What you have to do — Give all of the data below again exactly, and drop the images.

--

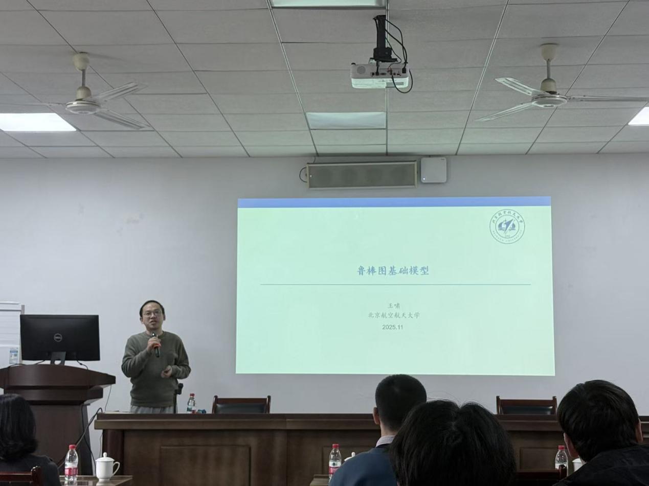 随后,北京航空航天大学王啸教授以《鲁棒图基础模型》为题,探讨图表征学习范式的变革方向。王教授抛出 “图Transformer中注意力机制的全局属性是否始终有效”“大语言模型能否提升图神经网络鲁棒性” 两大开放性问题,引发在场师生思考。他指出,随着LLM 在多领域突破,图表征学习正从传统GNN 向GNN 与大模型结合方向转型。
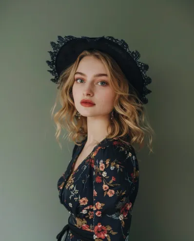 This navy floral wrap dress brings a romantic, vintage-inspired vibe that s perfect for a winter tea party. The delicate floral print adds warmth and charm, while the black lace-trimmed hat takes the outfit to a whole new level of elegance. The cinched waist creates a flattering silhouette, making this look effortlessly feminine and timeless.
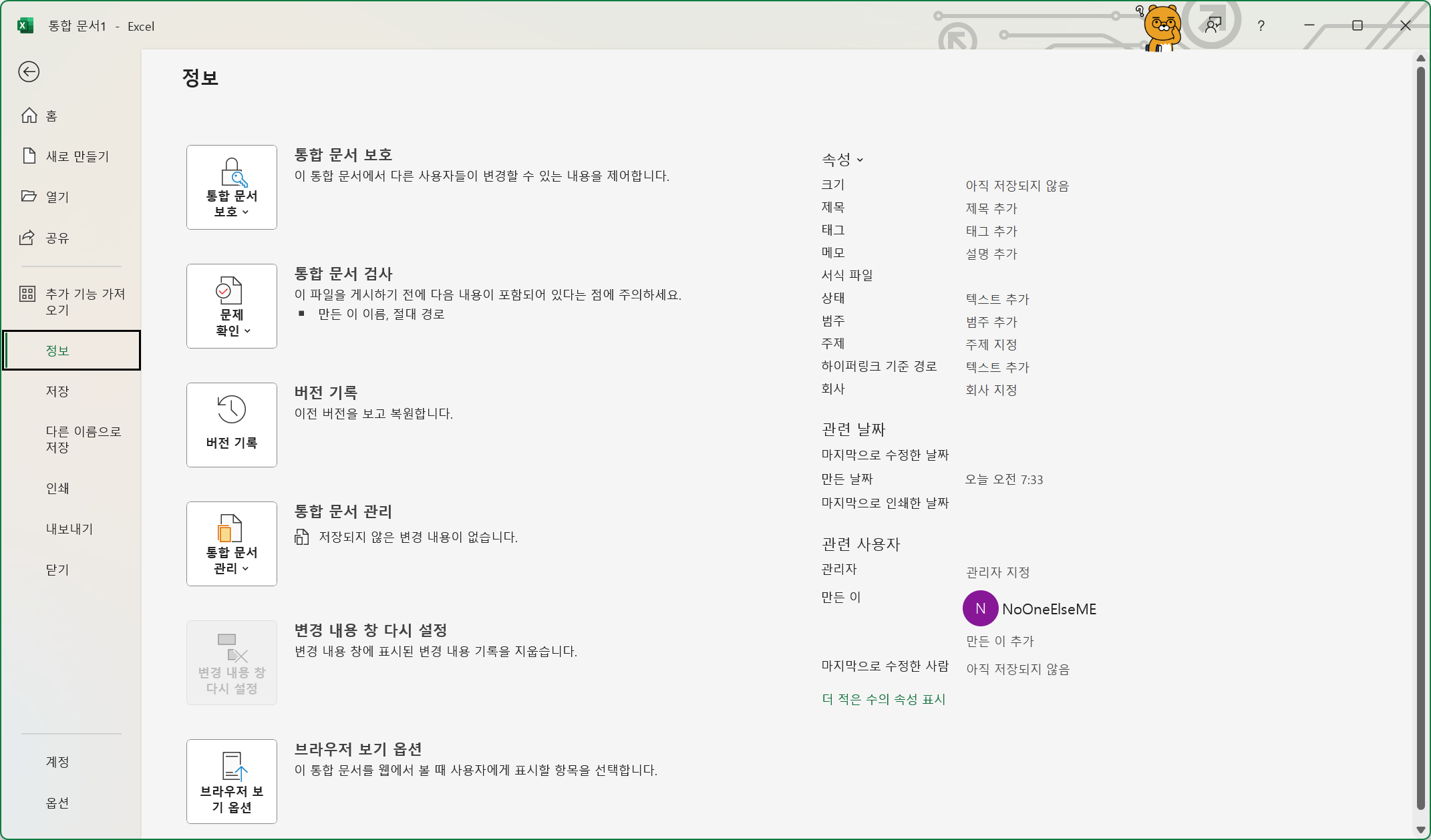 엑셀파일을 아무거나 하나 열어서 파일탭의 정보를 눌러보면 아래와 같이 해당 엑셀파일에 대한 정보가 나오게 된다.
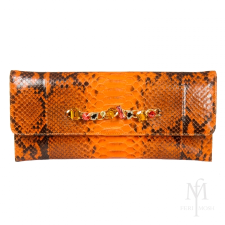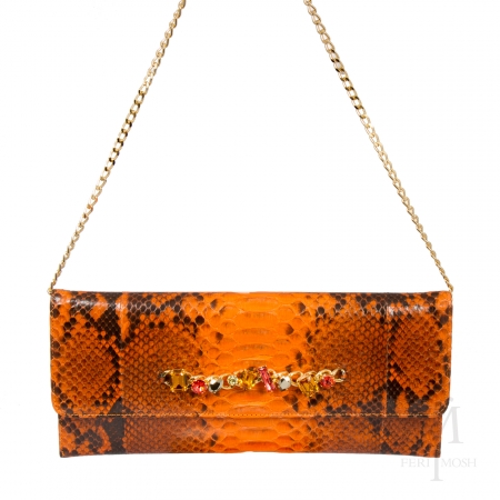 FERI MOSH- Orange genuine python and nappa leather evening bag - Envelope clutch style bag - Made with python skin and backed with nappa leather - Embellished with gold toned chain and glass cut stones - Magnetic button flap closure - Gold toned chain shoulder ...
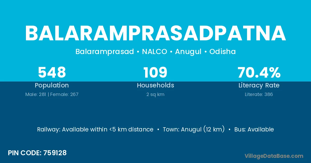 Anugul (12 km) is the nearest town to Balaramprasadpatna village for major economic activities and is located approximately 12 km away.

--

Finished task —
 随后,北京航空航天大学王啸教授以《鲁棒图基础模型》为题,探讨图表征学习范式的变革方向。王教授抛出 “图Transformer中注意力机制的全局属性是否始终有效”“大语言模型能否提升图神经网络鲁棒性” 两大开放性问题,引发在场师生思考。他指出,随着LLM 在多领域突破,图表征学习正从传统GNN 向GNN 与大模型结合方向转型。
 This navy floral wrap dress brings a romantic, vintage-inspired vibe that s perfect for a winter tea party. The delicate floral print adds warmth and charm, while the black lace-trimmed hat takes the outfit to a whole new level of elegance. The cinched waist creates a flattering silhouette, making this look effortlessly feminine and timeless.
 엑셀파일을 아무거나 하나 열어서 파일탭의 정보를 눌러보면 아래와 같이 해당 엑셀파일에 대한 정보가 나오게 된다.
 FERI MOSH- Orange genuine python and nappa leather evening bag - Envelope clutch style bag - Made with python skin and backed with nappa leather - Embellished with gold toned chain and glass cut stones - Magnetic button flap closure - Gold toned chain shoulder ...
 Anugul (12 km) is the nearest town to Balaramprasadpatna village for major economic activities and is located approximately 12 km away.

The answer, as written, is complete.